How does one recap an entire year?
To recap a year seems impossible. This year was so good yet so rough. For fear of sounding like a total sap I won’t tell you that no matter how crappy some life events may be, and how trying and tumultuous my moods might get, as long as I have my husband to live life with, it’s alright with me. (It’s good I’m not sappy, much). I’m thankful for my immediate and extended family and dear friends and never want to lose sight of the blessing that they are.
We had two deaths in the family only a few months apart. And random series’ of events that were little…but big at the same time. I believe no matter the scale of the event, stress and worry definitely affect my mood. I had several triggers this year that threw my mood into a funk at best, and a tailspin at worst. As always I communicated with my psychiatrist to keep my mental state healthy! It’s a ongoing “battle.” Some days it’s a walk in the park and some days it truly is a fight for survival. But it’s worth it. Worth the fight. ALWAYS.
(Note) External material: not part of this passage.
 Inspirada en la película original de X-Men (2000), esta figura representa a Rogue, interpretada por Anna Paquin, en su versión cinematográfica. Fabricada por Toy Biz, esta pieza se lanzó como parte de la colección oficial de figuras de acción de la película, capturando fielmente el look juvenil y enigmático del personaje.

In January, my grandfather passed away. I was able to see him shortly before he passed. It was a beautiful last memory, as far as these things go. I have peace. Our twins turned two in February and in March our fourth baby niece was born– A MAJOR HIGHLIGHT of the year. Sweet precious girl, we adore her so! April was a big deal because Mrs Bipolarity was born! April was also the month my Grandmother passed away. Sad times. Hospice is hard and I struggled with my mood. May… what happened in May…?, and on to June when our oldest son turned four years old. How did that happen? I have no idea how time goes this fast! July… I might have turned thirty-one but I’m not confirming anything. Autumn rapidly approached and my annual cycle of depression started lurking. Plenty of “mini-trauma” (as I call things some of the things that trigger my mood). Finally, Christmas and New Years sneaked up on me and here I am. Still standing up–neither strong nor week–but at least I’m standing up!
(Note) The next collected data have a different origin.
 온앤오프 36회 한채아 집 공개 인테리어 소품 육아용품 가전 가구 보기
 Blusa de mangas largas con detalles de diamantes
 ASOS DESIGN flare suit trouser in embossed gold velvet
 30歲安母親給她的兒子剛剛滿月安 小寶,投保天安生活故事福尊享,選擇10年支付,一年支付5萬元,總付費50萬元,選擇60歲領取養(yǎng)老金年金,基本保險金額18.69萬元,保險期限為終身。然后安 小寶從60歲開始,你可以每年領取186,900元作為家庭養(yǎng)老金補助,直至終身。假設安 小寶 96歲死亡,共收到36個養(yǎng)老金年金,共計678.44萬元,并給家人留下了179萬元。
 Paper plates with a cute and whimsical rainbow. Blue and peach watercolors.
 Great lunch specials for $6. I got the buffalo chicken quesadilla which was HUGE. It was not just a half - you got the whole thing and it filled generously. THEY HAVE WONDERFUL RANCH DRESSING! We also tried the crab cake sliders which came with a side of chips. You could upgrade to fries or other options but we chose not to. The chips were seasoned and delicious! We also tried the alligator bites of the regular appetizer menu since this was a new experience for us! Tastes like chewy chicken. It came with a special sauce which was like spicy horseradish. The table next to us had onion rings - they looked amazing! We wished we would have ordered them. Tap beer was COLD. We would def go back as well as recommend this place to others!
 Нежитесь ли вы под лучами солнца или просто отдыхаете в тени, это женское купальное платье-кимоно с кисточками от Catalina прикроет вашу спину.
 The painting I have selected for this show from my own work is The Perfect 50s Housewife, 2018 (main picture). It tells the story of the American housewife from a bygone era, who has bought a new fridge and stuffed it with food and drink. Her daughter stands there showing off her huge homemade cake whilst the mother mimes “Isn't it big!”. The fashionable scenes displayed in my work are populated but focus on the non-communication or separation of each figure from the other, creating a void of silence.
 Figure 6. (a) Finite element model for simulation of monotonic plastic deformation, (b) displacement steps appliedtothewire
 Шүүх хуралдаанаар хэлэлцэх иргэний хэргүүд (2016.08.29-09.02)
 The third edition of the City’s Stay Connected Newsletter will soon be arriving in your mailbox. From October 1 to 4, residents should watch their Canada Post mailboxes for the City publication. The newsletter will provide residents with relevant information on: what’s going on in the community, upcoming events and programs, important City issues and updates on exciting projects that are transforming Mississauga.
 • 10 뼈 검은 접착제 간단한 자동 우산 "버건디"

One of the highlights of 2013 was coming out of the bipolar closet. One of the best things I’ve decided to do. I know it’s helped a lot of people, and that’s why I do it. I do this to help people and to fight stimga. When I get discouraged, and think about stopping–someone comes to me with a story of encouragement and reminds me how worth while this journey is…and onward I march.
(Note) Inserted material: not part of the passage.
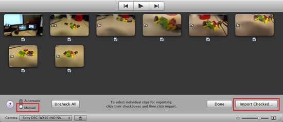 - Bajo las imágenes miniatura visualizadas, haga clic para activar las casillas del vídeo que desea importar y haga clic en el botón Import Checked.
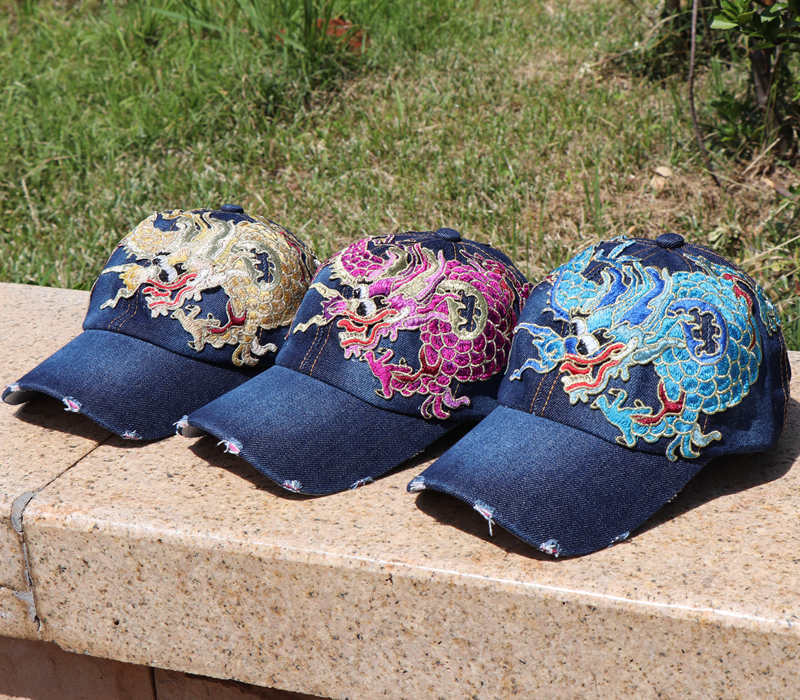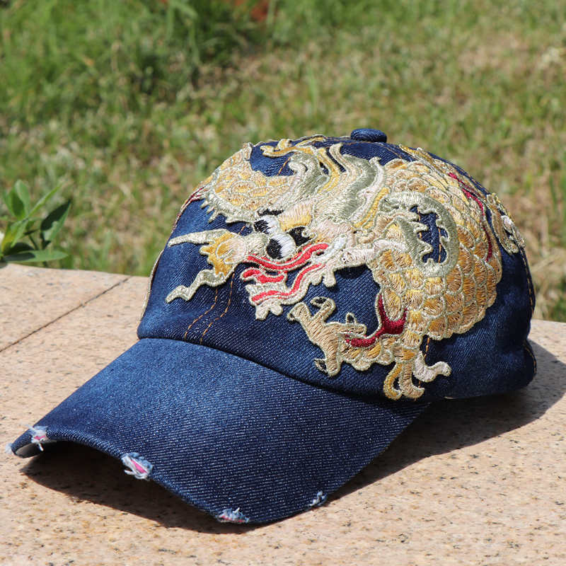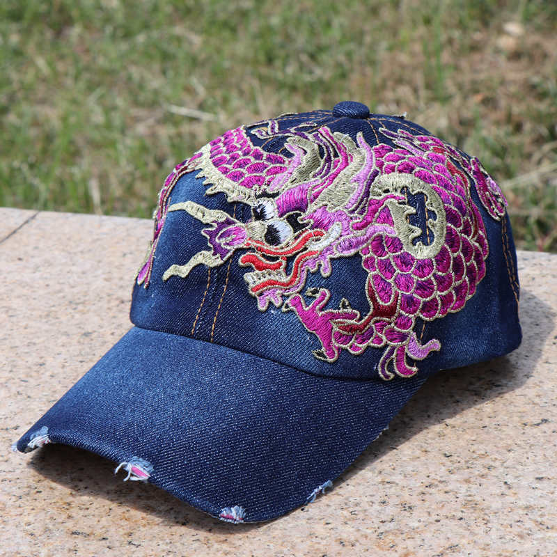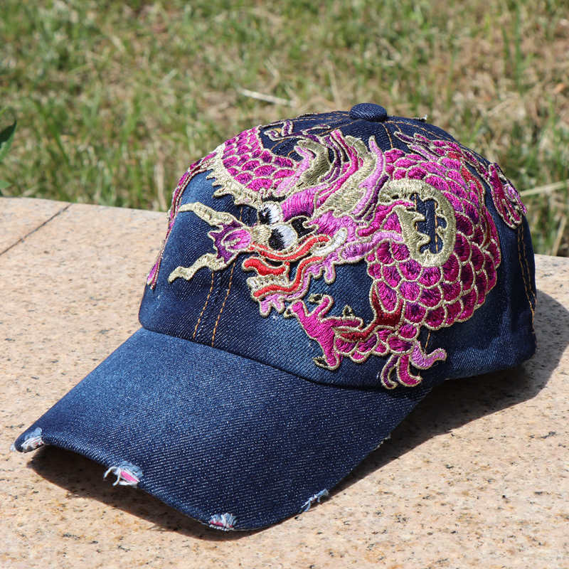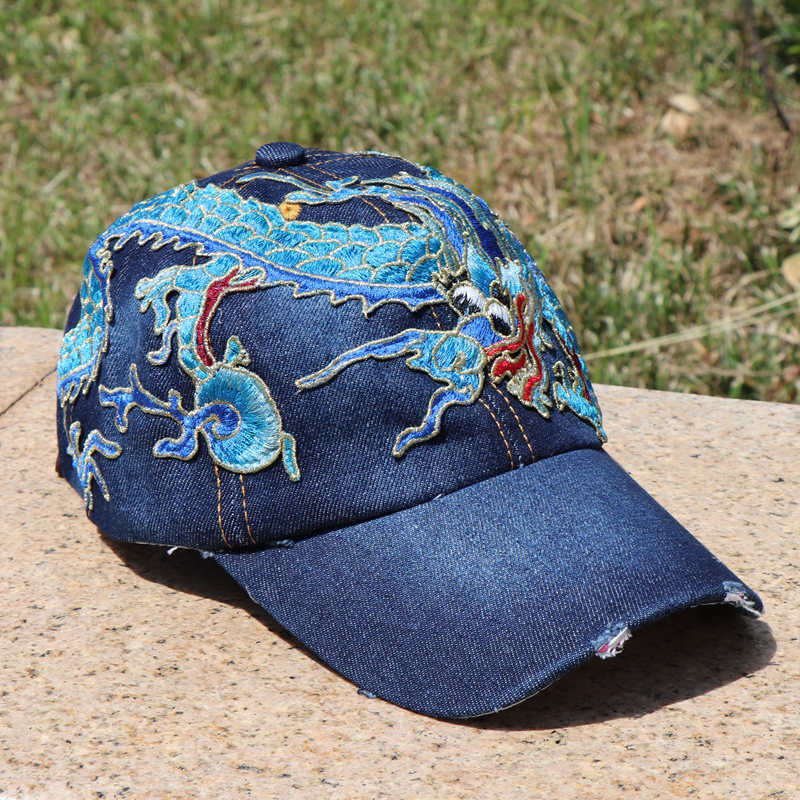 "National trend Yunnan ethnic style dragon pattern embroidered denim hat, spring and summer outing sun hat, retro baseball cap, Chinese style.

Thank you. Each of you, reading this now. I thank you.
2013 was full of high-highs and low-lows of life, but I think everyone (bipolar or not) experiences that! I wish you contentment (because that’s better than happiness), stability (whatever that looks like to you), peace (because who doesn’t want peace?), self-awareness (you betta recognize!), the tools to fight this never ending fight, and above all I wish you to find what you’re looking for and that God blesses you richly in 2014.